Aquarius (January 20 – February 18): Law enforcement officials will seek your advice in the days ahead but you should just be your usual candid self and tell them that you don’t know where your Uncle Billy is hiding.

Pisces (February 19 – March 20): Phases of the constellation Orion contain information that only you can decipher. Borrow a goose down overcoat and set up your chaise lounge for viewing south. On cloudy nights, watch Dancing With the Stars re-runs or thaw out your boots from the last clear night.

Aries (March 21 – April 19): Nothing will stop you in the month ahead and you will succeed in all aspects of life with the possible exception of the 1995 Buick in your driveway that won’t start in temps under 55°.

Taurus (April 20 – May 20): A secret message for you will be discovered. Disregard all prior signals as false clues. You will know the genuine sign by observing your toaster oven and a different color of smoke when you toast bagels.

Gemini (May 21 – June 21): Cell phone static is not coming from Saturn. Stop wearing those polyester plaid pants for two weeks or get a cologne that is not sold by the half-gallon as remedies. If these fail, wear something other than combat boots which are loaded with metal.

Cancer (June 22 – July 22): A Victorian romance is in your future, complete with a set of Jane Austen novels and a plate of crumpets. Read the bulletin board at the nearest vocational school for a list of people likely to excel in your field.

Leo (July 23 – August 22): Your destiny is in sharp focus this month. Seize the moment to move up on the waiting list for Extreme Makeover. Discontinue all attempts to contact Donald Trump.

Virgo (August 23 – September 22): A celestial outburst signals that you are in position to challenge Paris Hilton for low voltage person of the period. Take large strides when you are in Egg Harbor.

Libra (September 23 – October 22): See your situation in the light of Saturn and pay those parking tickets promptly. A large package on your front porch may be the clothes you previously gave to Goodwill.

Scorpio (October 23 – November 21): Good news is yours. Yoga pants will fit you, without alteration. Accept any offer from your lawyer that will reduce his fee and remember that he agreed to drive you to the parole office.

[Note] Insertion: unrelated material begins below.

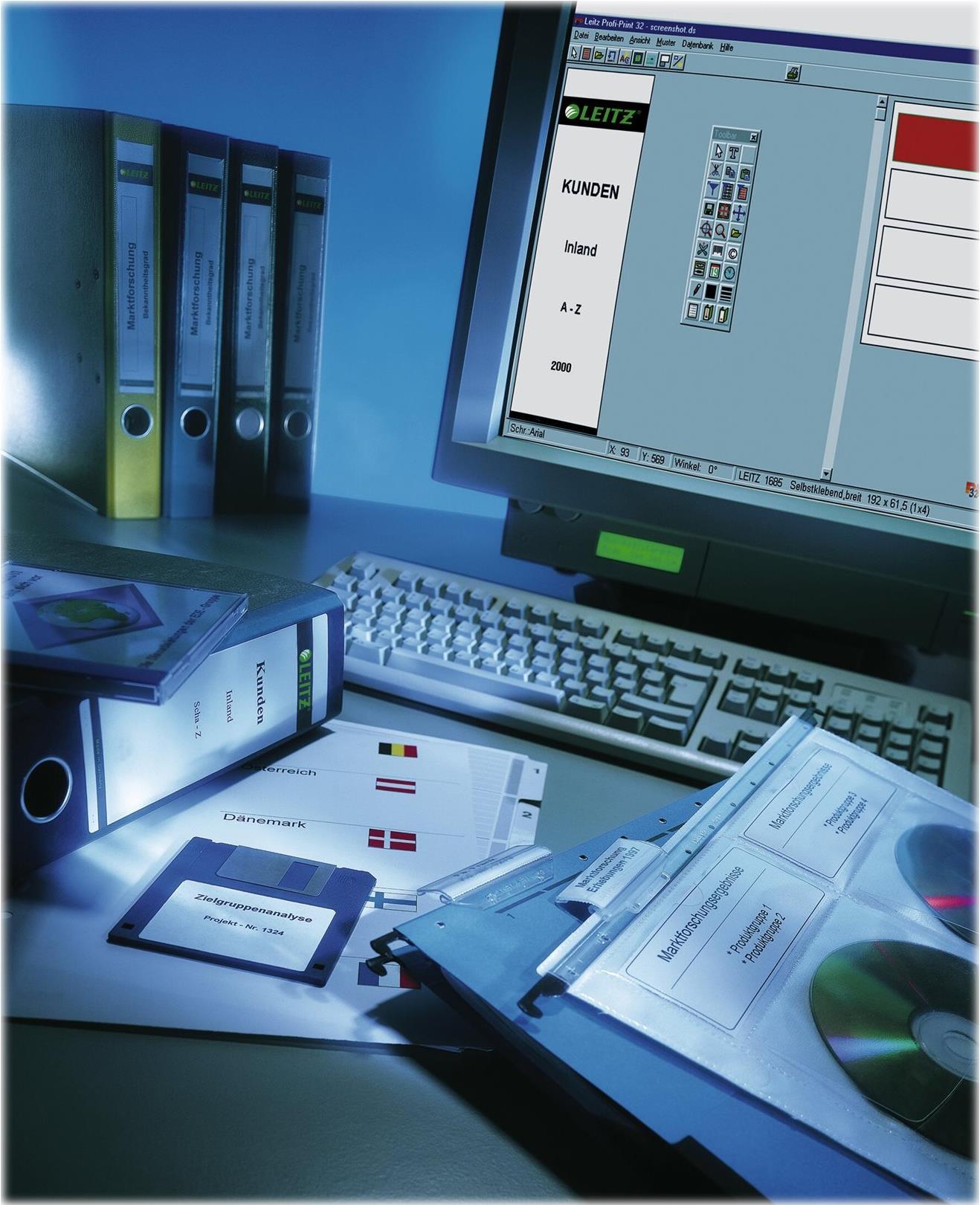 Die PC-beschriftbaren Rückenschilder sorgen für eine übersichtliche Organisation im Regal oder im Archiv. Mit dem nutzerfreundlichen und webbasierten Programm "Easyprint" lassen sich die Rückenschilder nach individuellen Bedürfnissen schnell und einfach gestalten und ausdrucken.

Sagittarius (November 22 – December 21): American Idol will be calling in this celestial period. Unfortunately, so will your cousin who wants to stay with you while salmon fishing in Clark Lake.

Capricorn (December 22 – January 19): As the moon wanes this month take up Texas nine-card poker and enter the Carlsville winner-take-all contest. You will be an instant success at this new endeavor and can win more than your take home from Baileys Harbor bingo.